The Louth club have kicked off the 2026 season with two wins (and two clean sheets) from their opening pair of games after comfortably beating the Blues 2-0 last night, with early strikes from Shane Farrell and Mark Doyle’s sending Drogs to the top of the table.
Doherty was made aware of some comments from the opposition camp in the Blues’ match preview, which appear to be from defender John Mahon, who said “when you’re coming up against Drogheda, you know what you’re going to face. Lots of long balls,” although the 45-year-old did not directly name Mahon himself.
And speaking after the home victory, Doherty opened up on the “lazy” perception of his side from some quarters, insisting Drogheda are far more than a ‘set-piece and long ball’ team as he hailed his side for maintaining their 100pc start to the new campaign.
“It's a great strike (by Farrell) and then the second goal is really good play. An excellent goal. I'm not going to get into it now, but the stuff that is said about us… like we can play football as well, you know?,” said Doherty, speaking to the Irish Independent.
“It’s almost like (people think) it’s the only way (we can play). It's lazy, but honestly I don't really care. I just love when we play like that and score goals like the second one because my coaching team can be labelled as ‘they play that way, defensive, it’s just set pieces, it’s all long ball stuff’. We're more than that.
Shane Farrell celebrates after opening the scoring for Drogheda in their victory over Waterford. Photo: Ben McShane
Shane Farrell celebrates after opening the scoring for Drogheda in their victory over Waterford. Photo: Ben McShane
“In fact, one of their players mentioned in their pre-match things on Thursday about us being a ‘long ball’ team. We're more than that.
“I'm not saying we're Barcelona or anything, we make the most of what we have, but some of the goals we’ve scored over the years, like in Tallaght (against Shamrock Rovers) after about 20 passes, that gets forgotten about.
“Look, I'm not looking for… I don't care what people think, it just shows you that maybe we can play a bit and have quality. What was said about Brandon Kavanagh when we signed him? ‘Oh, they will need to get him to do the work.’ Tonight, quality-wise he was really good, but he worked like he always does, absolutely brilliant.

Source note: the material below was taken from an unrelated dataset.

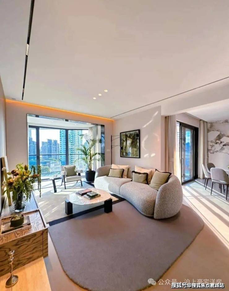 外立面通过石材、铝板及真石漆相结合呈现 十足的未来感 。在有限的地块内,建筑大师及设计团队反复研究建筑方案,最终巧妙的将江景与纯现代外立面相融合,呈现 大露台环幕景观视野 ,使居住者能够拥享临岸滨江风景。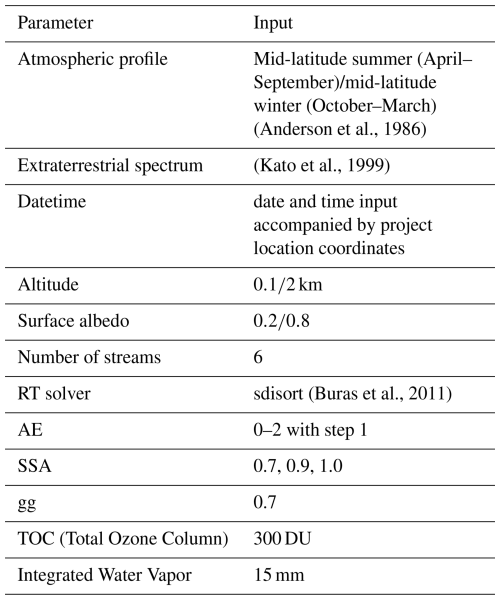 The standard aerosol profiles (Anderson et al., 1986) were used for all sites. According to Fountoulakis et al. (2022), using a more accurate vertical distribution of aerosols in the troposphere would have a negligible effect in the GHI and DHI at the Earth's surface. Table 3 illustrates the libRadtran settings used in this study.

“I get accused of, ‘he uses all of this stuff as motivation’ and sometimes I do, but genuinely, I don't care what people say about us. It is what is in our dressing room and on the pitch that is important.
“I'm bringing it up because I just think that my players, it's not about me or Daire, I think the players deserve more credit and respect at times. But if you start saying that people think ‘oh look, they are top of the league after two games, they think they’re great’. You know what I mean?
“It was a good win and we’ll move on. We have a big game next week that we're all looking forward to.”
Facing their first Louth derby of the season away to newly-promoted Dundalk next Friday, Doherty was impressed by his side’s performance against Jon Daly’s Blues.
“I have to give massive credit to the ground staff and the staff at the club for getting the game to go ahead,” he added, as United Park passed a pitch inspection on Friday afternoon on a day when two matches in the capital were postponed.
“When the Waterford team came in, we analysed them to death all week, but you look at them and think ‘that's a really, really good team,’ It took them a lot to put that team together, some serious players and some serious moves they had to make. Any team with Tommy Lonergan and Pádraig Amond up top, Conan Noonan and Evan McLaughlin too, top quality players. We had to be on our guard and I thought we were.
“So for us to come out and play the way we did, and to start the way we did, was good. And then we probably controlled a lot of it. Luke (Dennison) didn't have any real saves to make but I thought we could have actually got another goal. The goals we got were great, so it was a good night.”